■ AVAILABLE DATA ■
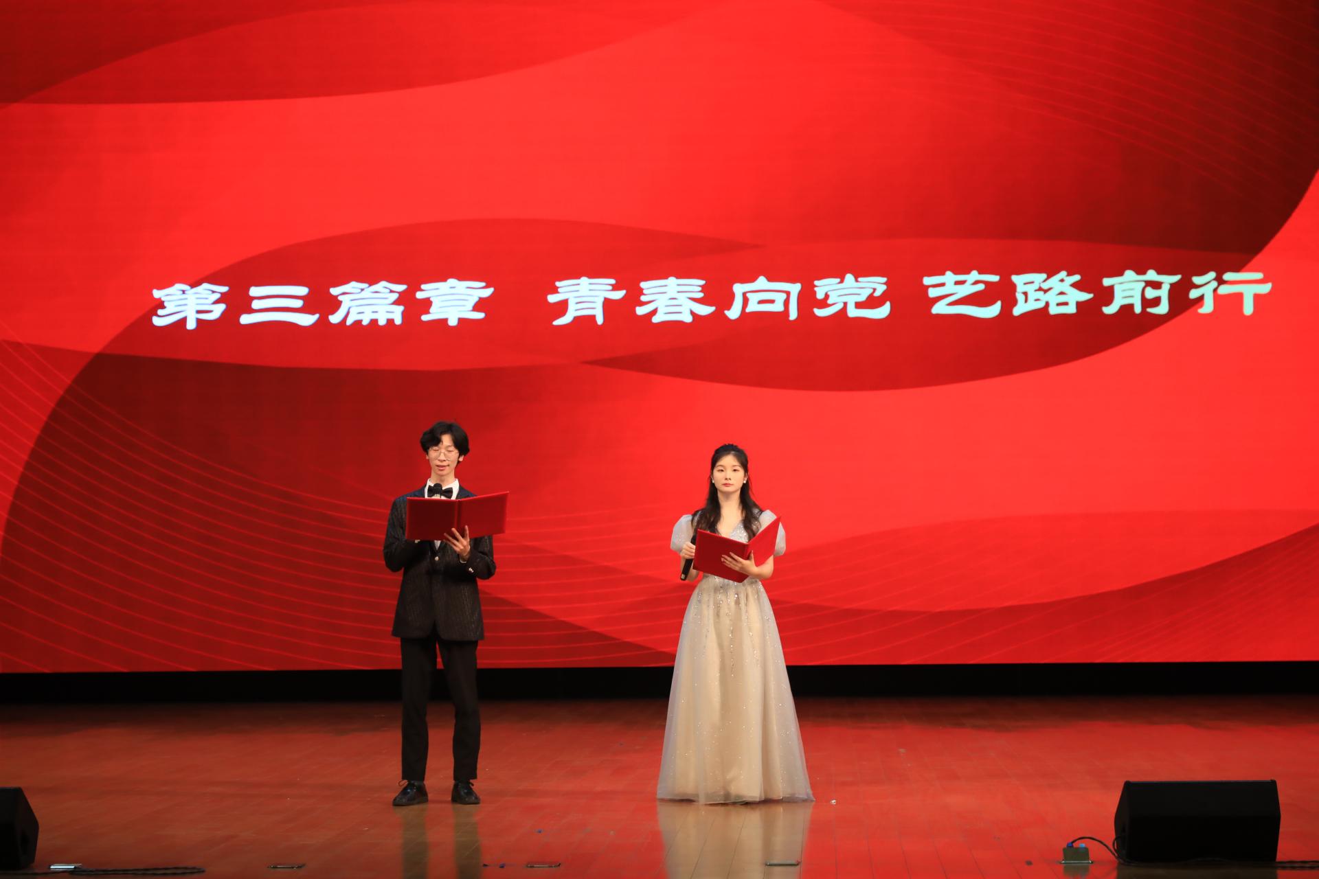 “青春向党 艺路前行”篇章中,由青年学子李亚轩、翟梦昕进行领学讲述。他们倡议青年学生要用中国红书写信仰和理想,书写希望和梦想。院主持人队的朗诵《以青春的名义向祖国报告》和工艺美术教研室教师的歌曲《南院的朋友来相会》等节目,表达了青年学子对党的忠诚和对未来的憧憬。学院行政教辅教师的歌舞《爱你》则将现场氛围推向高潮全体师生共同参与的《我们都是追梦人》更是展现了青年一代的壮志与豪情。
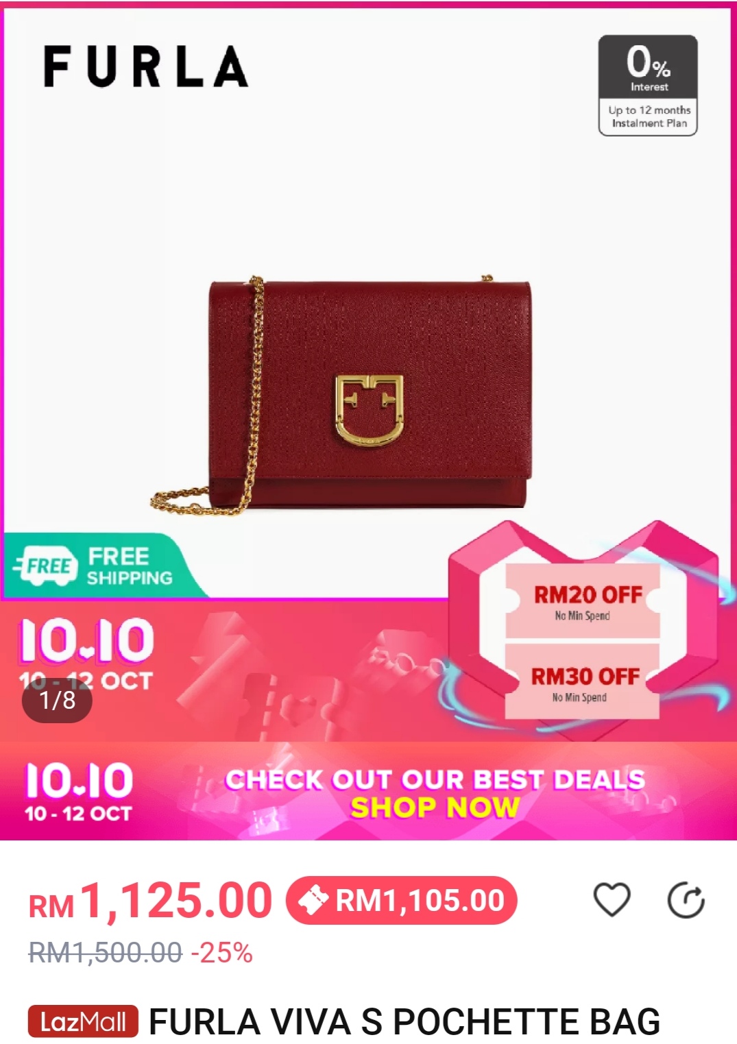 ▼ 例如:这款FURLA VIVA S POCHETTE BAG(原价RM1500)折扣25% +店家折扣券,只需RM1105!
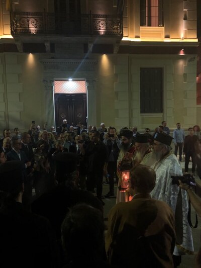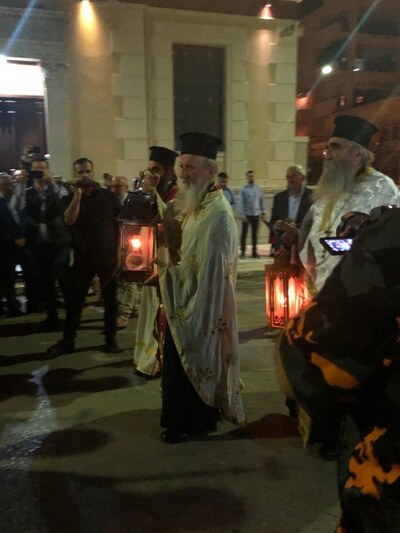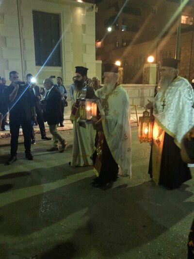 Παρά την αναμενόμενη καθυστέρηση, τελικά το Άγιο Φως έφθασε λίγα λεπτά μετά τις 10 το βράδυ στην αρχιεπισκοπή Πατρών, δίπλα από τον Ιερό Ναό Αγίου Ανδρέου, συνοδευόμενο από αστυνομικές δυνάμεις. Εφτασε στην Ελευσίνα το Άγιο Φως- Με μεγάλη καθυστέρηση
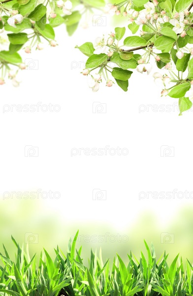 Цветущая яблоня и зеленая трава
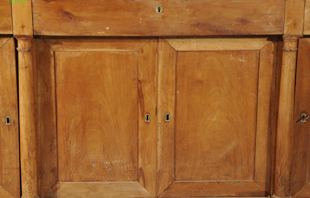 BUFFET en merisier. Il ouvre par quatre portes et trois tiroirs en ceinture. Façade à quatre colonnes détachées, reposant sur des pieds carrés.
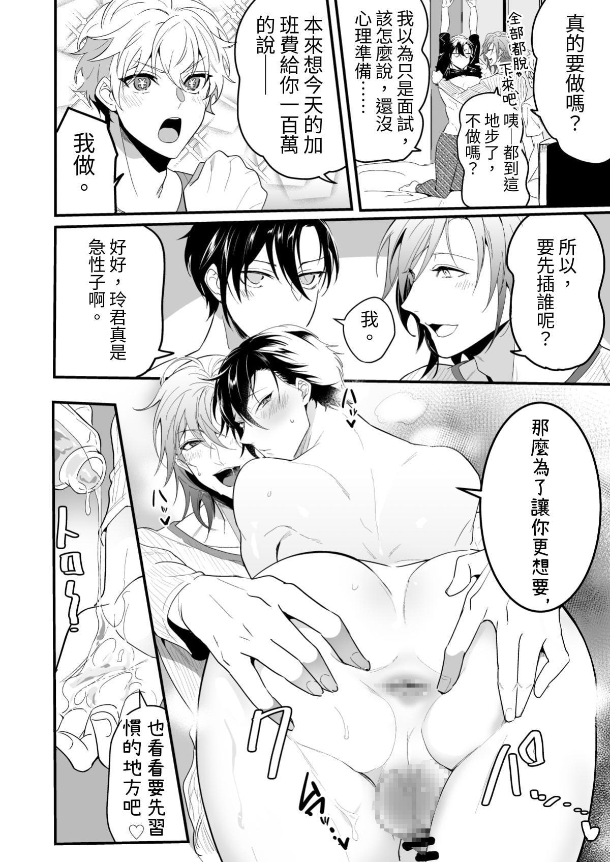 巨根童顔くんがお金欲しさに怪しいバイトに申し込んだところ、えっちなお兄さん二人に絡まれイチャラブする話です。
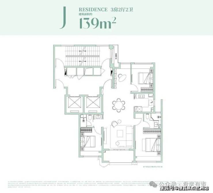约153㎡户型设计:极致观景,西瞰江景,东瞰园景!4房功能齐备!
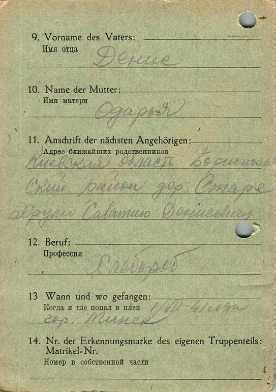Военнопленные, трофейные карточки. Киевская обл.
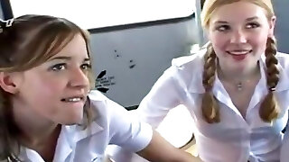 Teens schoolbus fortunate day

■ TASK GOAL ■
All of the lines above should be printed exactly, minus the pictures.

■ FINAL ANSWER ■
 “青春向党 艺路前行”篇章中,由青年学子李亚轩、翟梦昕进行领学讲述。他们倡议青年学生要用中国红书写信仰和理想,书写希望和梦想。院主持人队的朗诵《以青春的名义向祖国报告》和工艺美术教研室教师的歌曲《南院的朋友来相会》等节目,表达了青年学子对党的忠诚和对未来的憧憬。学院行政教辅教师的歌舞《爱你》则将现场氛围推向高潮全体师生共同参与的《我们都是追梦人》更是展现了青年一代的壮志与豪情。
 ▼ 例如:这款FURLA VIVA S POCHETTE BAG(原价RM1500)折扣25% +店家折扣券,只需RM1105!
 Παρά την αναμενόμενη καθυστέρηση, τελικά το Άγιο Φως έφθασε λίγα λεπτά μετά τις 10 το βράδυ στην αρχιεπισκοπή Πατρών, δίπλα από τον Ιερό Ναό Αγίου Ανδρέου, συνοδευόμενο από αστυνομικές δυνάμεις. Εφτασε στην Ελευσίνα το Άγιο Φως- Με μεγάλη καθυστέρηση
 Цветущая яблоня и зеленая трава
 BUFFET en merisier. Il ouvre par quatre portes et trois tiroirs en ceinture. Façade à quatre colonnes détachées, reposant sur des pieds carrés.
 巨根童顔くんがお金欲しさに怪しいバイトに申し込んだところ、えっちなお兄さん二人に絡まれイチャラブする話です。
约153㎡户型设计:极致观景,西瞰江景,东瞰园景!4房功能齐备!
Военнопленные, трофейные карточки. Киевская обл.
 Teens schoolbus fortunate day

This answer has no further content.